» Goal of the exercise
Your response should consist solely of the lines from the one containing "Erlebe mit der" through the end of the data, copied exactly.

» Records excerpted from a collection
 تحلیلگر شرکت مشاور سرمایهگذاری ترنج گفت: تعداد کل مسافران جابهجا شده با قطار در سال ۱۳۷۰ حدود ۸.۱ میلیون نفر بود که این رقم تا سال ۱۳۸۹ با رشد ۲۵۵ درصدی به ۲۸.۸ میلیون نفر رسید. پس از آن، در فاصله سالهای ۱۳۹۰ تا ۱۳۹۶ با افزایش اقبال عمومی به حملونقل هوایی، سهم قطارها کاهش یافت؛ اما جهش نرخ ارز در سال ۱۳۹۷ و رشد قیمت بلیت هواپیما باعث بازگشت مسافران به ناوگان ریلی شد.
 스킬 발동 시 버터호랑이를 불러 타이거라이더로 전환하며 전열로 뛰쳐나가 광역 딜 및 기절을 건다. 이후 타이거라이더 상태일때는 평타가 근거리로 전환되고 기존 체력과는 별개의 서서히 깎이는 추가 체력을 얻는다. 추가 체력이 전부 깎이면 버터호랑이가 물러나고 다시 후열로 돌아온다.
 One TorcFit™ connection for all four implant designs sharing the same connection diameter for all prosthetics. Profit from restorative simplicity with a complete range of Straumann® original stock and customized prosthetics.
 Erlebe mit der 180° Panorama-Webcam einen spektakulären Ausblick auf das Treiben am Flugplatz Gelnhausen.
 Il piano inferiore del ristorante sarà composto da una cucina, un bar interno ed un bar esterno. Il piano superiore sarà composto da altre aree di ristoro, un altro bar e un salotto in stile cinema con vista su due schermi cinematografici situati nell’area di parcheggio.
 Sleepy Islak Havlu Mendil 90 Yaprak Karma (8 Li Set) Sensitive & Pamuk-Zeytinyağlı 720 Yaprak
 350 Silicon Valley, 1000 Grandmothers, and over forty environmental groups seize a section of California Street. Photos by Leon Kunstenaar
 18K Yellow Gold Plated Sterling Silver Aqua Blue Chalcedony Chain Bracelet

» Task result
 Erlebe mit der 180° Panorama-Webcam einen spektakulären Ausblick auf das Treiben am Flugplatz Gelnhausen.
 Il piano inferiore del ristorante sarà composto da una cucina, un bar interno ed un bar esterno. Il piano superiore sarà composto da altre aree di ristoro, un altro bar e un salotto in stile cinema con vista su due schermi cinematografici situati nell’area di parcheggio.
 Sleepy Islak Havlu Mendil 90 Yaprak Karma (8 Li Set) Sensitive & Pamuk-Zeytinyağlı 720 Yaprak
 350 Silicon Valley, 1000 Grandmothers, and over forty environmental groups seize a section of California Street. Photos by Leon Kunstenaar
 18K Yellow Gold Plated Sterling Silver Aqua Blue Chalcedony Chain Bracelet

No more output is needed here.